CalibratedClassifierCV(base_estimator=GaussianNB(priors=None, var_smoothing=1e-09),
            cv=2, method='sigmoid')

In [21]:
# Create new observation
new_observation = [[ 2.6,  2.6,  2.6,  0.4]]

# View calibrated probabilities
classifer_sigmoid.predict_proba(new_observation)

array([[0.31859969, 0.63663466, 0.04476565]])

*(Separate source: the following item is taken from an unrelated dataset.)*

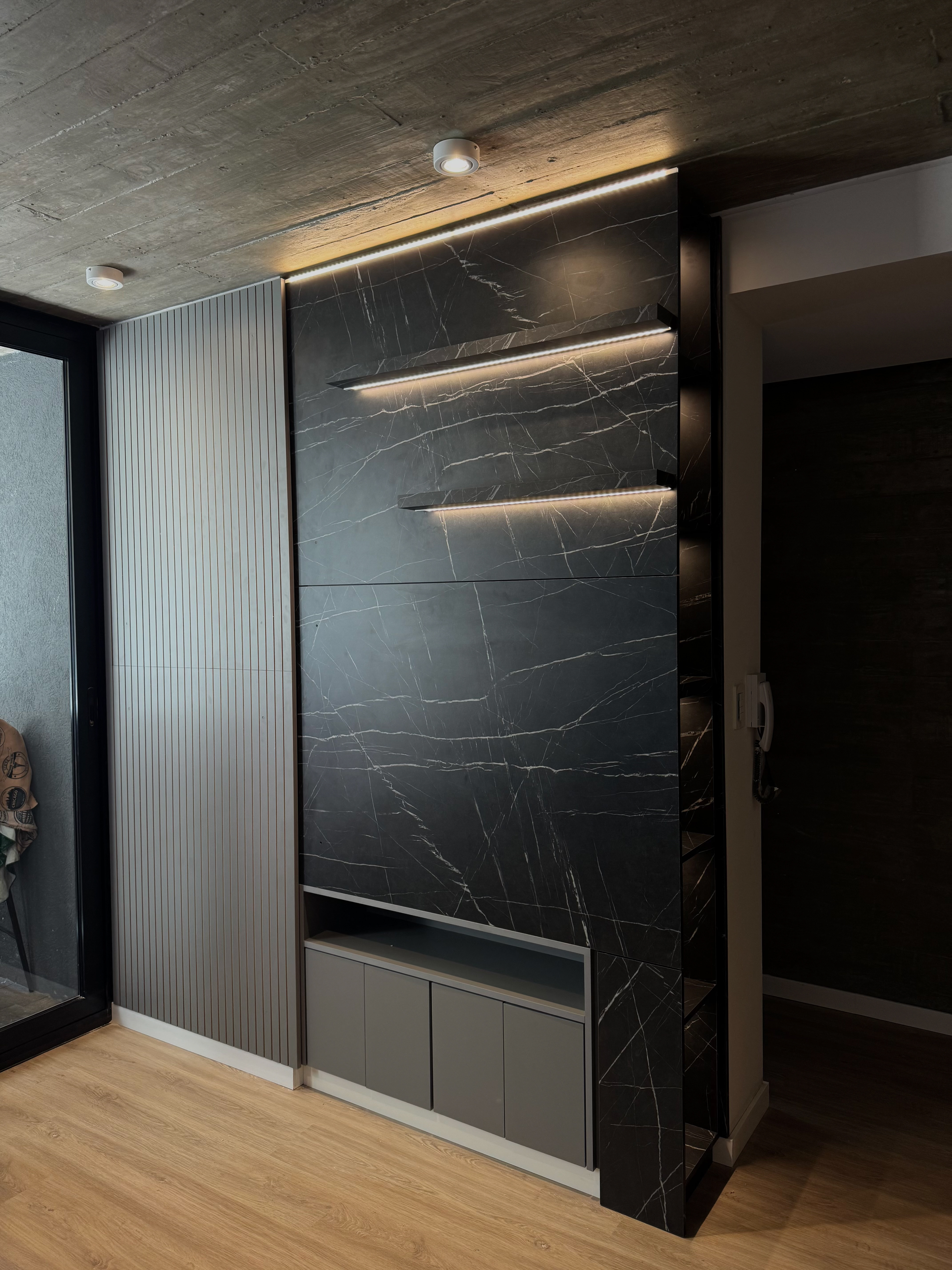 Este rack de TV fue diseñado con el objetivo de unificar los dos muros existentes, logrando una estructura lineal y armónica. Su estética moderna combina tonos de gris y negro, integrándose perfectamente con la paleta del departamento. La fusión de materiales y líneas limpias aporta sofisticación y funcionalidad, creando un espacio equilibrado y visualmente ordenado.

The returned predicted probabilities are the average of the k-folds.

In [32]:
classifer_sigmoid.score

<bound method ClassifierMixin.score of CalibratedClassifierCV(base_estimator=GaussianNB(priors=None, var_smoothing=1e-09),
            cv=2, method='sigmoid')>

In [33]:
# Train a Gaussian naive Bayes then predict class probabilities
classifer.fit(features, target).predict_proba(new_observation) #########

array([[2.31548432e-04, 9.99768128e-01, 3.23532277e-07]])

In [34]:
# View calibrated probabilities 
classifer_sigmoid.predict_proba(new_observation) ############

array([[0.31859969, 0.63663466, 0.04476565]])

 because isotonic regression is nonparametric it tends to overfit when sample sizes are very small (e.g., 100 observations). In our solution we used the Iris dataset with 150 observations and therefore used the Platt’s sigmoid model.